>>>
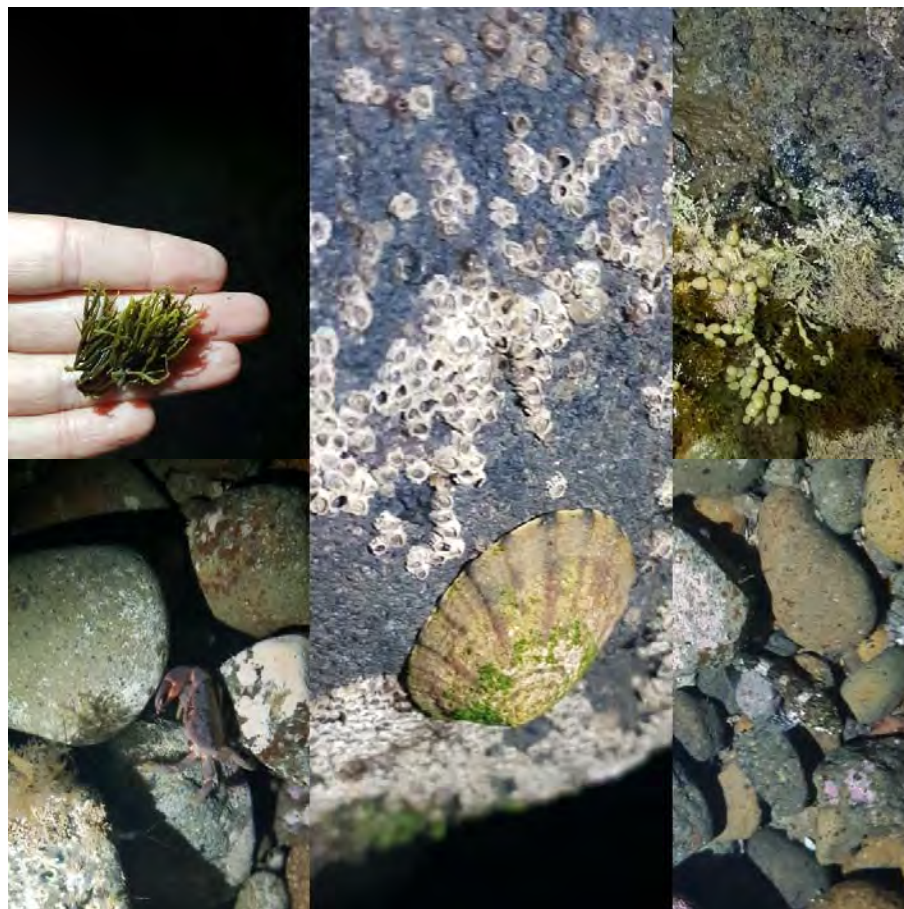
Photo 3 A range of species identified during the intertidal reef inspection (12 February 2019)

Upper shore species diversity was found to be considerably higher than recorded in recent surveys, indicative of an improvement in reef health since the completion of works at the Aquatic Centre on 23 September 2017 (Photo 3).
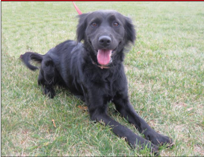
Above is a happy and healthy Maddie enjoying the fresh air outside at CHS.
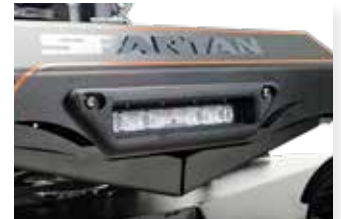
FRONT NYLON BUMPER

Upgrade Available On: RT & SRT Models Only
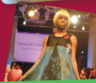
Local designer's fashion show
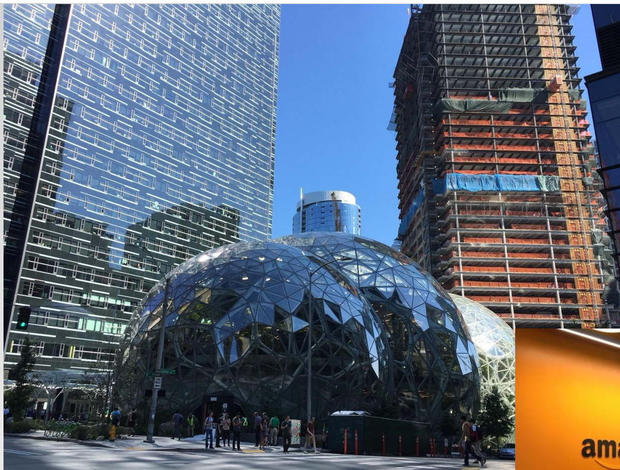
Photo of Amazon Sphere and Amazon HQ
<<<
**THE TASK**
From the records given above, copy all lines containing "Photo".

**PROBLEM SOLUTION**
Photo 3 A range of species identified during the intertidal reef inspection (12 February 2019)
Upper shore species diversity was found to be considerably higher than recorded in recent surveys, indicative of an improvement in reef health since the completion of works at the Aquatic Centre on 23 September 2017 (Photo 3).
Photo of Amazon Sphere and Amazon HQ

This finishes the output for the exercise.